Работали двое: псаломщик Никон, бравший песок для церкви, и
работник старосты, Семен Мосягин. Иван Порфирыч любил, чтобы песку у него было
много и на улице перед домом, и на мощеном дворе, и Семен уже успел с утра
отвезти одну телегу, а теперь накладывал другую, бойко швыряя полные лопаты
золотистого, красивого песку. Ему было весело от жаркого жужжанья, от запаха и приятной
работы; он задорно поглядывал на мрачного псаломщика, лениво ковырявшего песок
щербатым скребком, и дразнил его:
– Эх, брат, Никон Иваныч, даром наша с тобой красота
пропадает!
– Скажи другой раз, – отвечал псаломщик с ленивой и
неопределенной угрозой, и, пока он говорил, курившаяся трубка свешивалась изо
рта на седую щетину подбородка и постукивала.
– Гляди, соску уронишь! – предостерег Семен.
Никон ничего не ответил, и Семен, не обижаясь, весело
продолжал копать. За полгода жизни у Ивана Порфирыча он стал гладкий и круглый,
как свежий огурец, и легкая работа не могла взять всех его сил и внимания; он
быстро долбил, подкапывал и бросал, и с ловкостью и быстротой подбирающей зерна
курицы собирал рассеянные крупинки золотистого песку, шевеля лопатой, как
широким и ловким языком. Но яма, из которой еще накануне брали песок,
истощилась, и Семен решительно плюнул в нее.
– Ну, тут немного накопаешь. Разве там поковырять? –
посмотрел он на низенькую полупещерку, подкопанную в непрочной стене и
пестревшую красными и зеленовато-серыми пластами, и решительно направился к
ней.
Псаломщик посмотрел на пещерку, подумал: «А ведь завалится»,
– но ничего не сказал. Но Семен почувствовал эту мысль в виде смутной тревоги,
похожей на внезапную и легкую тошноту, и остановился.
– Как думаешь, не завалится? – спросил он, обертываясь.
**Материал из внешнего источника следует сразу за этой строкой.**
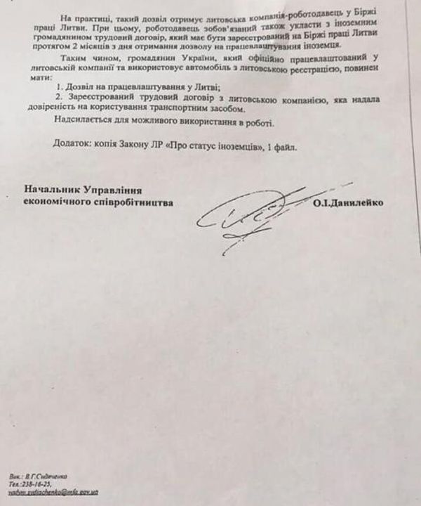 — «Виявляється, фуфлижні довіреності за якими наші «щасливчики» їздять по Україні, можуть принести їм великі проблеми. Якщо ти згідно з довіреністю заявляєш, що працюєш на литовську компанію, то зобов’язаний мати трудовий договір з цією компанією зареєстрований на біржі праці Литви. А оформити ти його можеш, якщо тільки маєш дозвіл від влади на роботу в Литві за який потрібно платити до 150 євро щорічно. У кого є ці документи? Правильно, ні у кого», — підкреслив Плинський.
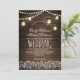 Rustic mason jars with string lights brown wood background lace wedding invitation for summer, fall, spring or winter wedding! Perfect design for the country wedding with mason jars lighting and strings of lights decor. Contact me for any support in design customisation. Matching products available
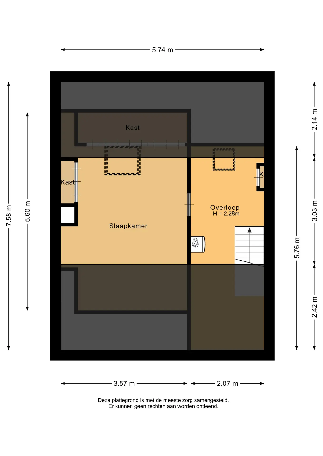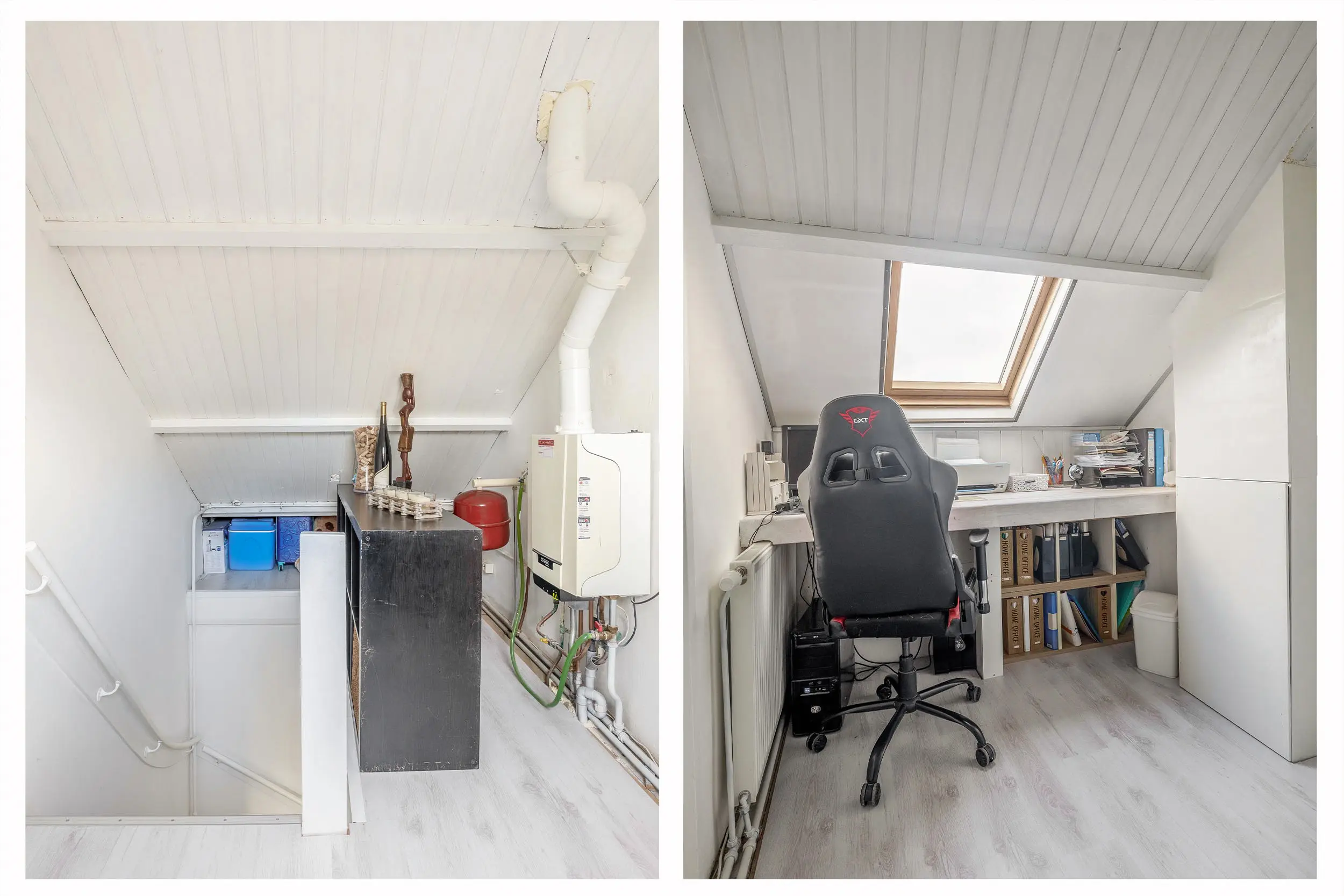 De overloop is voorzien van een laminaatvloer die doorloopt in de slaapkamer. Op de overloop bevinden zich de cv-opstelling en de witgoedaansluitingen. Dankzij het dakraam geniet deze ruimte van prettige natuurlijke lichtinval.
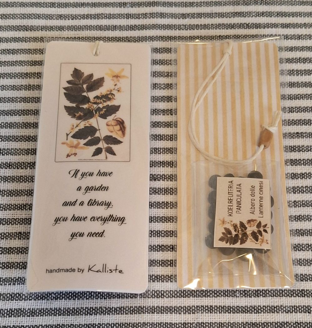 Descrizione:Confezione regalo segnalibro plastificato + bustina con semi di Koelreuteria Paniculata, conosciuta anche come "Albero dorato della pioggia" o "Albero delle lanterne cinesi"
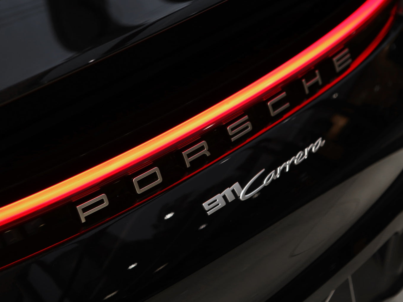 Veículo com rodas Carrera, teto solar em vidro, pacote Sport Chrono, interior em couro bege Mojave, seletor de escapamento, banco 18 vias e sistema de som Bose.
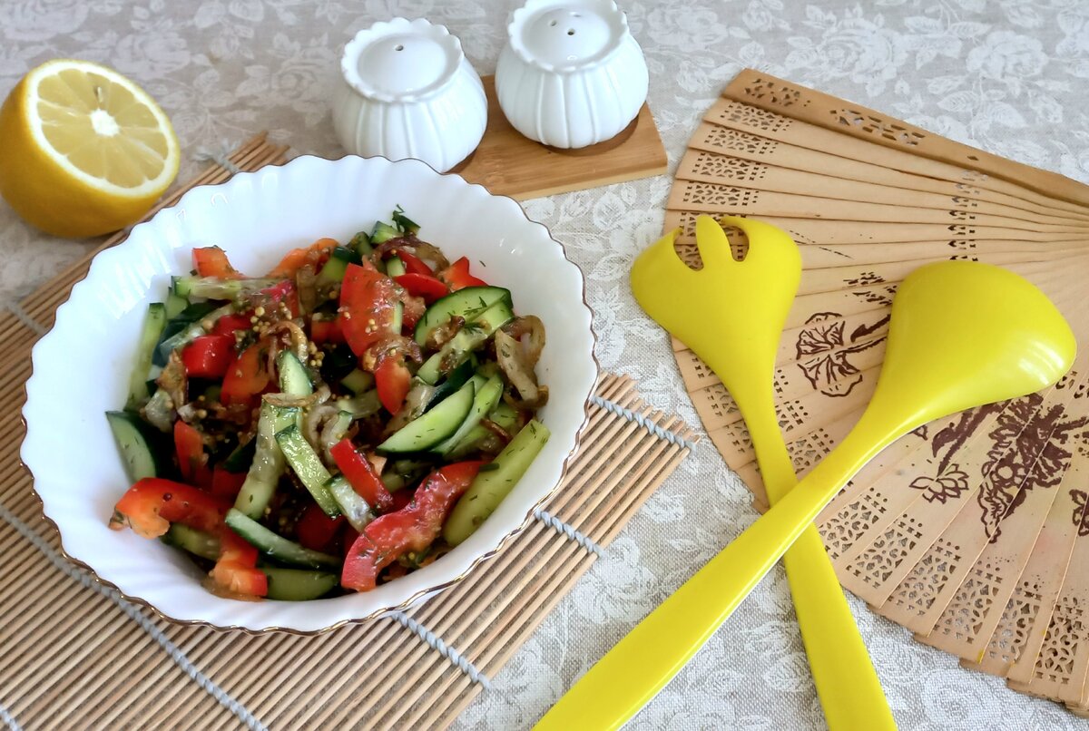 Этот освежающий салат станет настоящей находкой для теплых летних дней, когда хочется легкости и ярких вкусов. Простой в приготовлении, он радует не только глаз, но и вкус с каждым укусом благодаря уникальной заправке на основе соевого соуса и дижонской горчицы. Жареный лук добавляет интересный аромат, а сочетание свежих овощей делает его идеальным дополнением к шашлыкам и мясным блюдам.
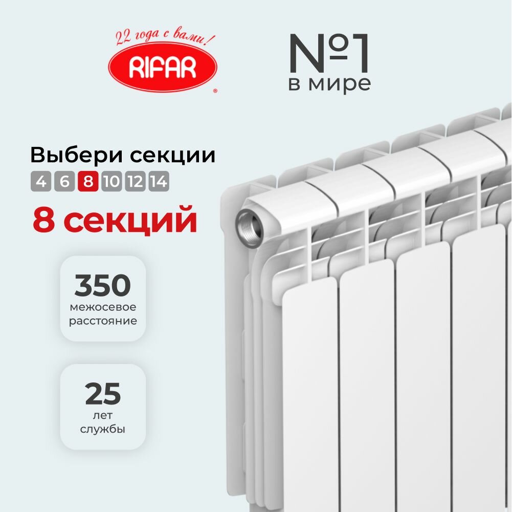 Радиатор алюминиевый RIFAR Alum 350-8, боковое подключение, белый
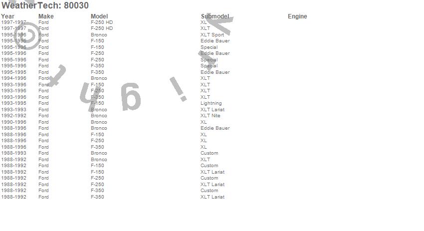 Below is an abbreviated list of applications for the Side Window Deflector.Bronco, F-150, F-250, F-250 HD, F-350, Ford, 1997, 1996, 1995, 1994, 1993, 1992, 1991, 1990, 1989, 1988
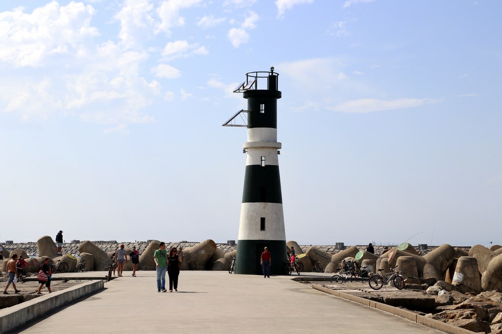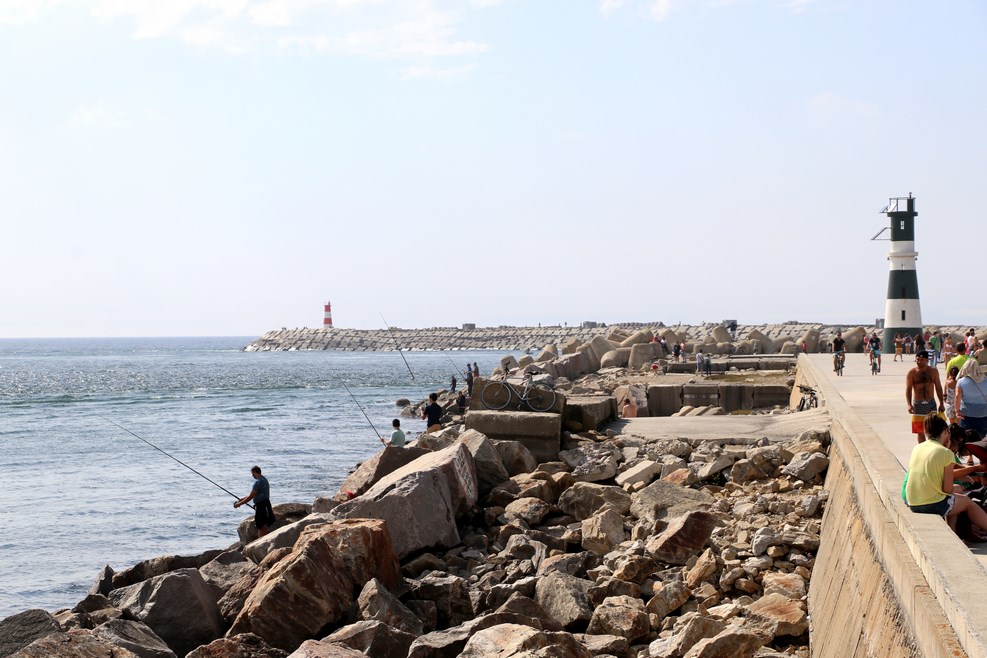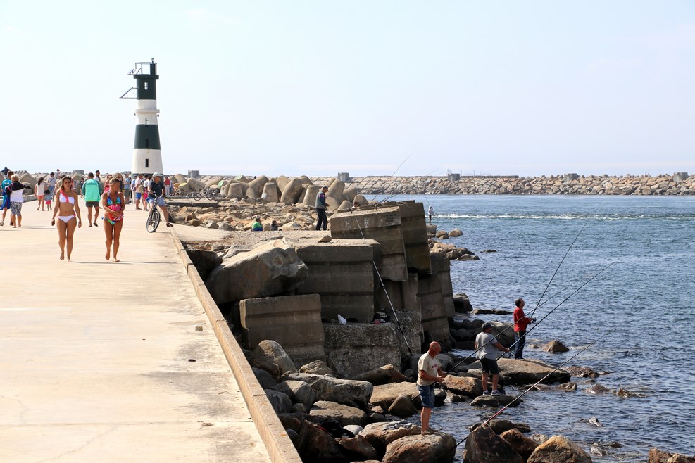 С пляжа на километр в море уходит пирс. Давайте по нему прогуляемся. Справа и слева его оккупировали множество рыбаков:
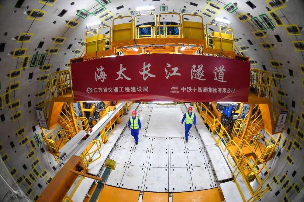 在连接南通海门与苏州太仓的海太长江隧道工程现场,最大开挖直径超16米的盾构机“江海号”昼夜不息,向着长江水下75米深处掘进,为这条世界最长的高速公路水下盾构隧道按下加速键。
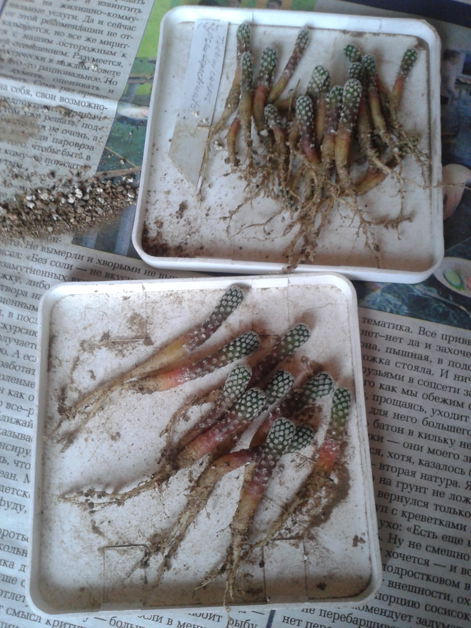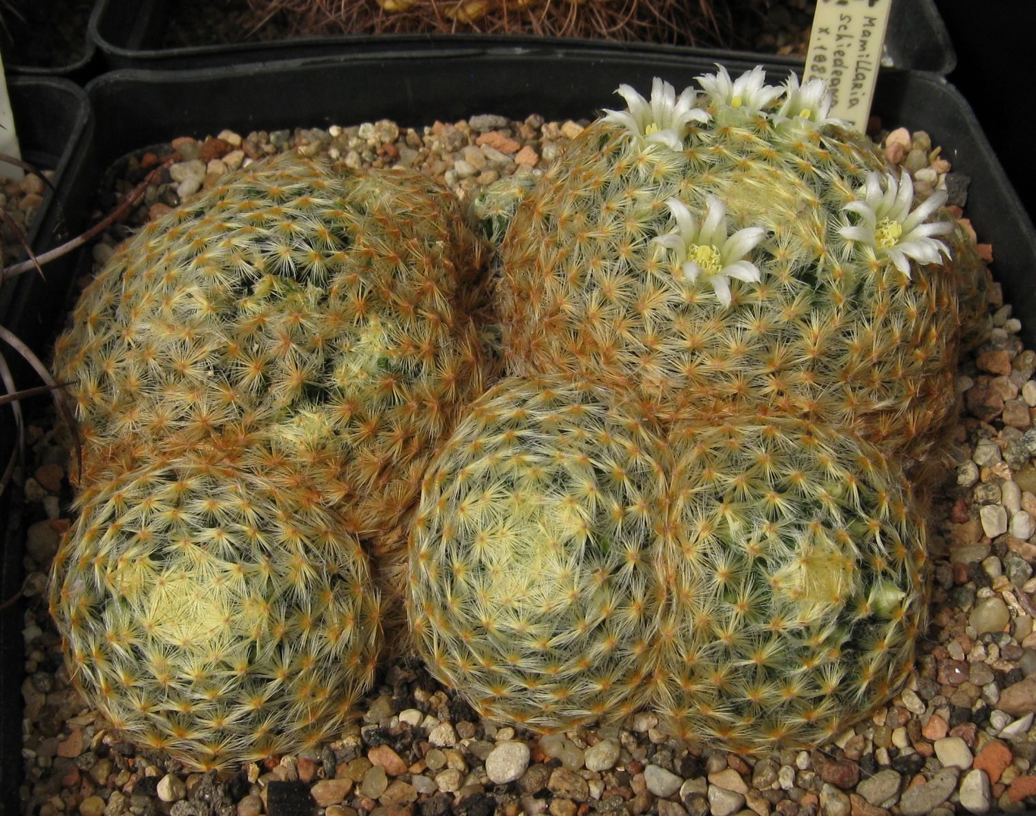 С возрастом у M.schiedeana образуется мощнейшая репа, как у лофы или ариокарпусов. Очень эффектная! Я тоже получал удовольствие от созерцания её корня. К сожалению она подмерзла и сгнила, но чудом сохранились два отростка и они успешно укоренились.
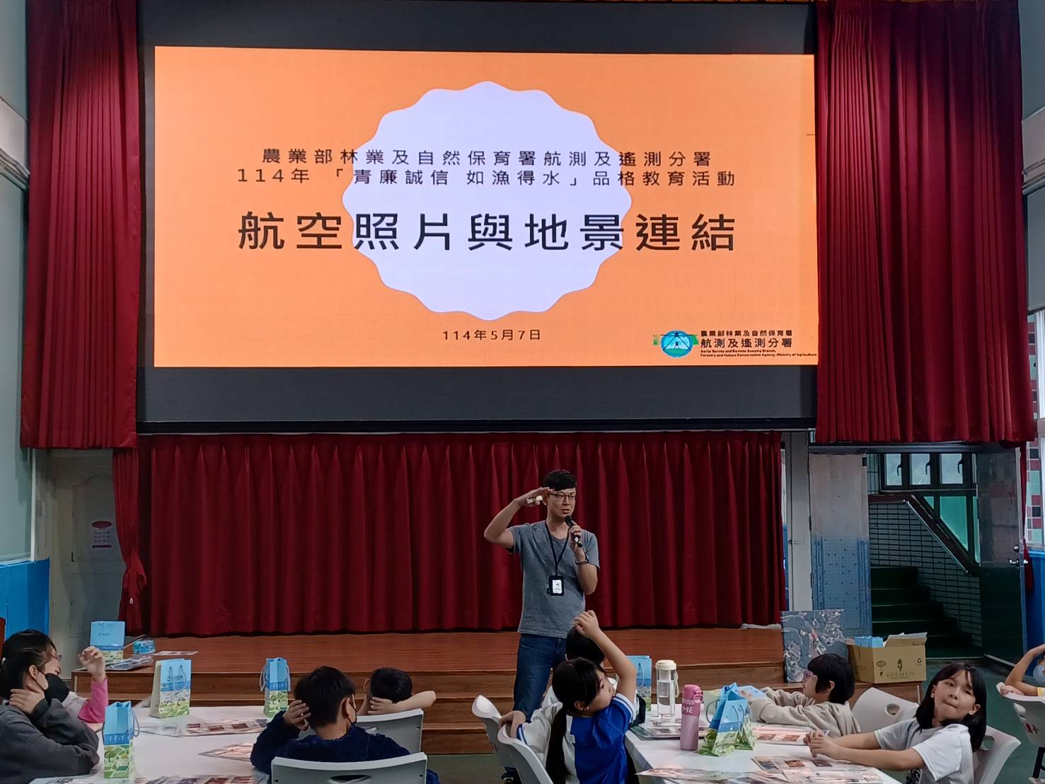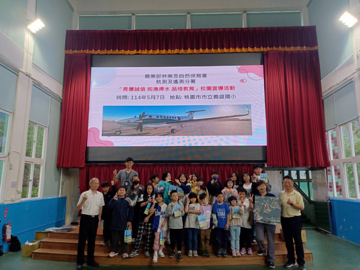 飛翔在廉潔的天空 本分署赴偏鄉校園以機關特色分享綠能誠信 本分署5月7日前往桃園市義盛國小,以機關航空攝影業務的特色,向復興區北橫原鄉的原住民小朋友介紹農業綠電、漁電共生及反詐騙等熱門話題。 義盛國小位於陡峭山區,建校後的校園建設與更迭,都是採用本分署歷年拍攝的航照圖向學童與鄉親展現,很高興有這個機會,本分署親赴該校辦理教育宣導,特別安排一個周三下午的時間,召集全校35位學童來參與課程。 本次活動是農業部114年「青廉誠信 如漁得水」品格教育宣導系列活動之一,綠能、誠信、廉潔與農業發展併存共榮,是我國當前的重要的農業政策議題,本次活動目的是將當前國家政策以生動活潑的方式介紹給偏鄉的國小學童們。 活動中以空拍圖帶領小朋友鳥瞰自己家鄉復興區的地景,帶領小朋友製作立體鏡,觀察空拍圖片,最後帶著小朋友操控摸擬器,在活動中心大型全彩LED顯示幕上體驗無人機飛翔。 小朋友們一個個興奮地排隊練習操作無人機在綠地、藍天中,飛越樹林和城堡,飛向目標。師長及未輪到操控模擬器的同學,看著顯示幕上同學操作的無人機歪歪斜斜的飛上天空、驚險穿越障礙物,笑聲連連。 本分署並致贈義盛國小五幅不同年度的校區航拍影像,該校陳校長及教師都十分喜愛,老師們可以在課堂上善用這些照片,帶領學童認識學校與家鄉的演變,深具紀念及教育意義。 義盛國小傅聖坤主任表示,十分感謝航遙測分署舉辦本次活動,讓學童們在活動中深化誠信廉潔品格教育,紮根在日常生活得以體現。這次活動不論是課程上或是活動遊戲體驗都讓全體學童們留下最美好的回憶。也讓誠信廉潔的概念從小札根深入腦海。

– А я почем знаю! – ответил сторож.
В темноте овального отверстия, напоминавшего открытый рот,
было что-то предательское, выжидающее, и Семен колебался. Но сверху, где повис
над ямою дубовый куст и резко вычерчивал на голубом небе свой резной трепещущий
лист, пахнуло возбуждающим запахом листвы и цветов, и хотелось от этого запаха
делать что-нибудь смелое и веселое. Послюнявив ладони, Семен взял лопату, и
когда только второй раз ткнул ею, – что-то слабо хрустнуло, вся стена беззвучно
сползла вниз и накрыла его. И только удержавшийся на корнях дубовый куст слабо
закачал листьями да ссохшийся круглый комочек песку подкатился к самым ногам
побледневшего сторожа и остановился, такой простой и невинный. Через два часа
Семена откопали мертвым. Широко открытый рот с чистыми и ровными, точно по
нитке обрезанными зубами был туго набит золотистым песком; и по всему лицу – во
впадинах глаз, среди белых ресниц, в русых волосах и огненно-рыжей бороде
желтел тот же красивый, золотистый песок. И все так же завивались и плясали
рыжие волосики, и диким глумлением отзывалась эта нелепо веселая, залихватская
пляска вокруг бледного помертвелого лица.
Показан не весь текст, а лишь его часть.